Do not repeat pictures. Repeat exactly the lines of the listing below from its first line through the line with "H163 B78 H84".
= = = = = = =
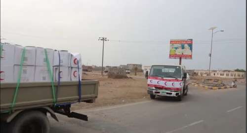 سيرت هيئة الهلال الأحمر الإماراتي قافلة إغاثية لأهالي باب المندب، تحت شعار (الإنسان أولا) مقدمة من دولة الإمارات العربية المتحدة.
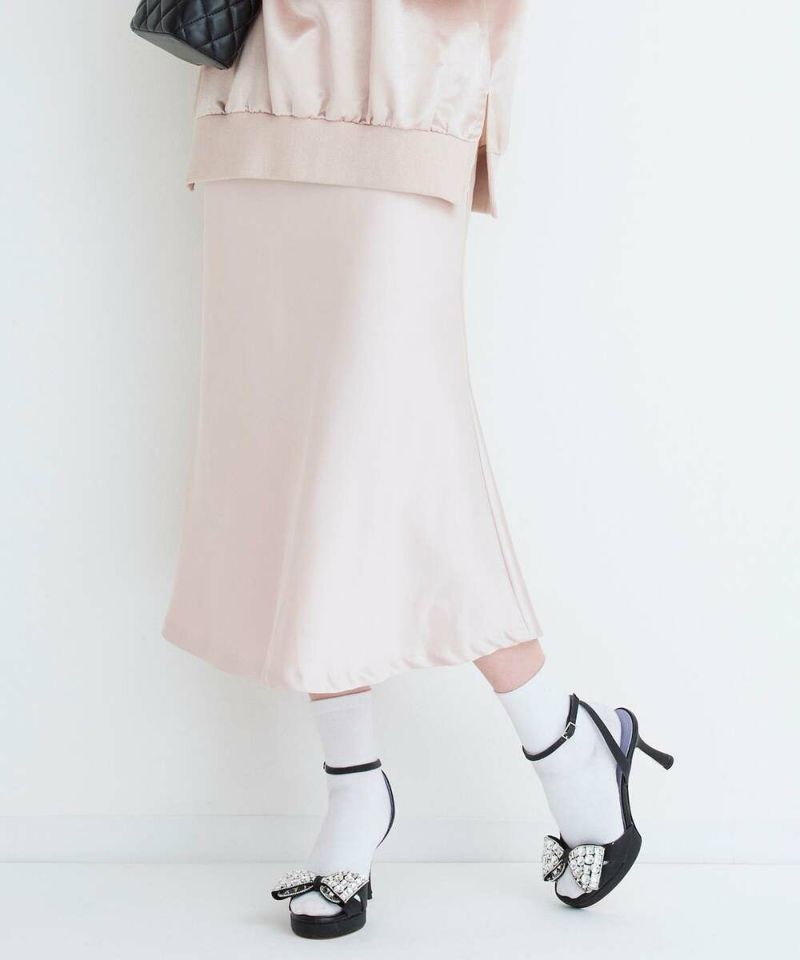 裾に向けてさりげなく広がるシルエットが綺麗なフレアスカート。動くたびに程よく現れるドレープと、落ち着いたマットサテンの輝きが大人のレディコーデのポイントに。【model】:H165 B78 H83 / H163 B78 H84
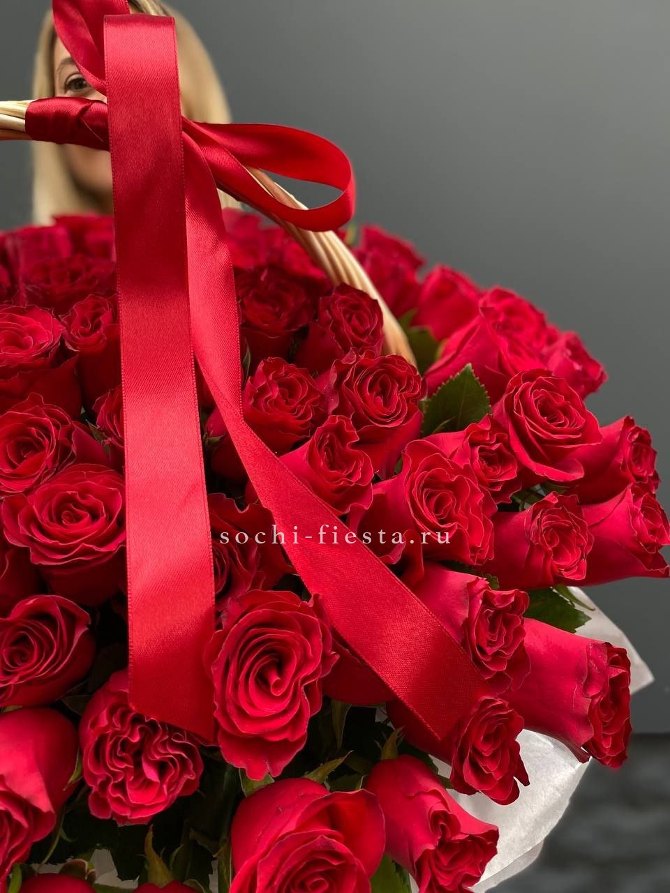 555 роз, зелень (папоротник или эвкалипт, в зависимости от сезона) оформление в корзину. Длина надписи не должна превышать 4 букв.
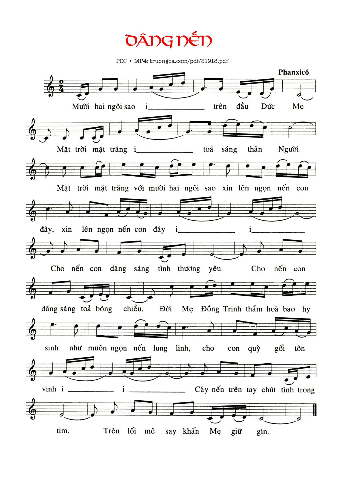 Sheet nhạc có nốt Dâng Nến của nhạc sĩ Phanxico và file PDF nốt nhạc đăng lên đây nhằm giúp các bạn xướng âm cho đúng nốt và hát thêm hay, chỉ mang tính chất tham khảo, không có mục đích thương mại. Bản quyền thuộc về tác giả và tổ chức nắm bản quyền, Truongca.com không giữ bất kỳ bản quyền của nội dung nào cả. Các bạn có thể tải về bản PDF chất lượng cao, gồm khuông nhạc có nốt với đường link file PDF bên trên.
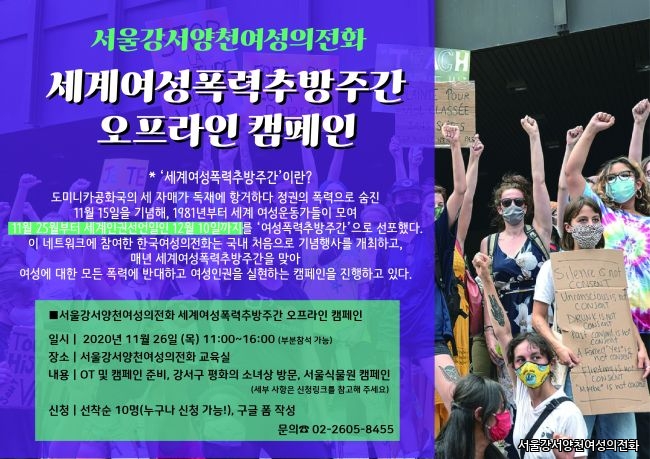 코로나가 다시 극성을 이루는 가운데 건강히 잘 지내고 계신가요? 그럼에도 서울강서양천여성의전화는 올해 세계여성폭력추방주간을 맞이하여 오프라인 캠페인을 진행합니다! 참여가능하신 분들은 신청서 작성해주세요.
= = = = = = =
REPLY:
 سيرت هيئة الهلال الأحمر الإماراتي قافلة إغاثية لأهالي باب المندب، تحت شعار (الإنسان أولا) مقدمة من دولة الإمارات العربية المتحدة.
 裾に向けてさりげなく広がるシルエットが綺麗なフレアスカート。動くたびに程よく現れるドレープと、落ち着いたマットサテンの輝きが大人のレディコーデのポイントに。【model】:H165 B78 H83 / H163 B78 H84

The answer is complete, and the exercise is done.